» **Input data**
--- --- ---

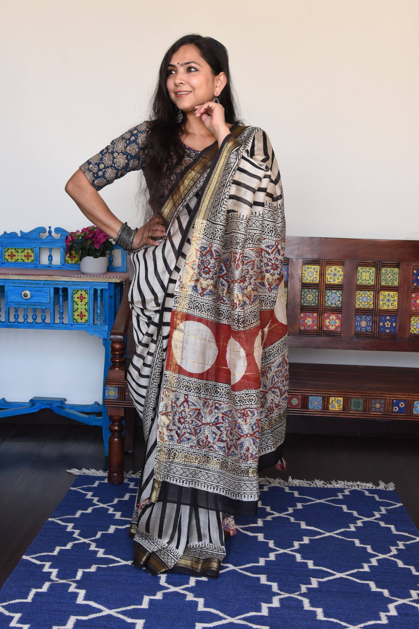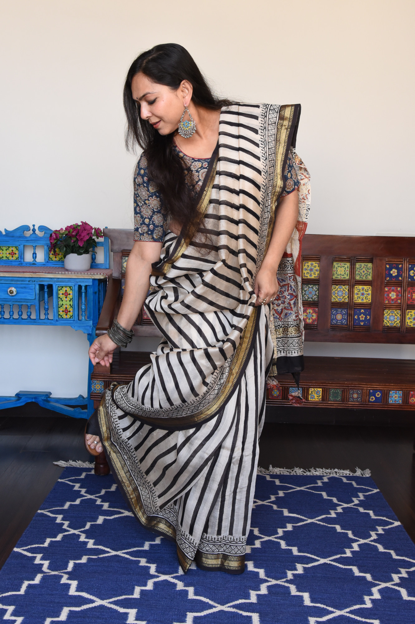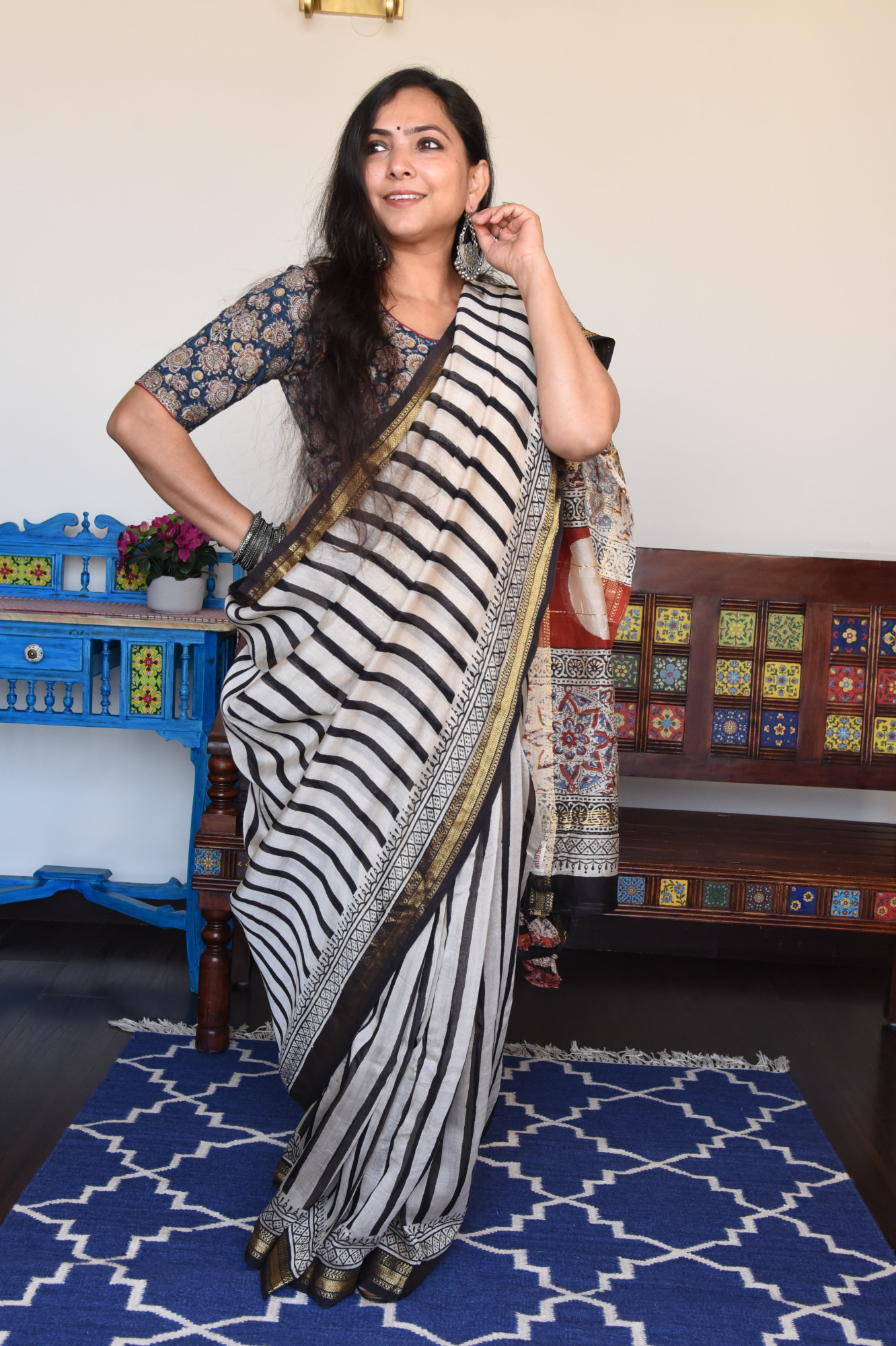 Hand block printed striped black -beige cotton silk saree with kalamkari inspired palla and golden zari border.
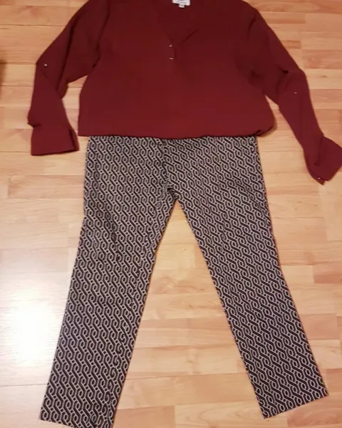 Padrisimo Pantalon Guinda. Pantalón de 42% algodon 37% polyester 18 % viscose y 3% elastane, mide 43 cm de cintura,51 mide cm de cadera y 99 cm de largo
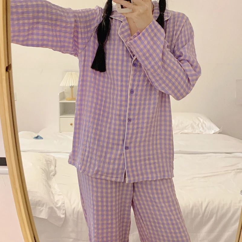 Отзывы о Осенняя клетчатая Хлопковая пижама JRMISSLI кардиган из 2 предметов с длинными

--- --- ---

» **The problem**
The copy must match the listing above exactly but contain no pictures.

» **Exercise output**
 Hand block printed striped black -beige cotton silk saree with kalamkari inspired palla and golden zari border.
 Padrisimo Pantalon Guinda. Pantalón de 42% algodon 37% polyester 18 % viscose y 3% elastane, mide 43 cm de cintura,51 mide cm de cadera y 99 cm de largo
 Отзывы о Осенняя клетчатая Хлопковая пижама JRMISSLI кардиган из 2 предметов с длинными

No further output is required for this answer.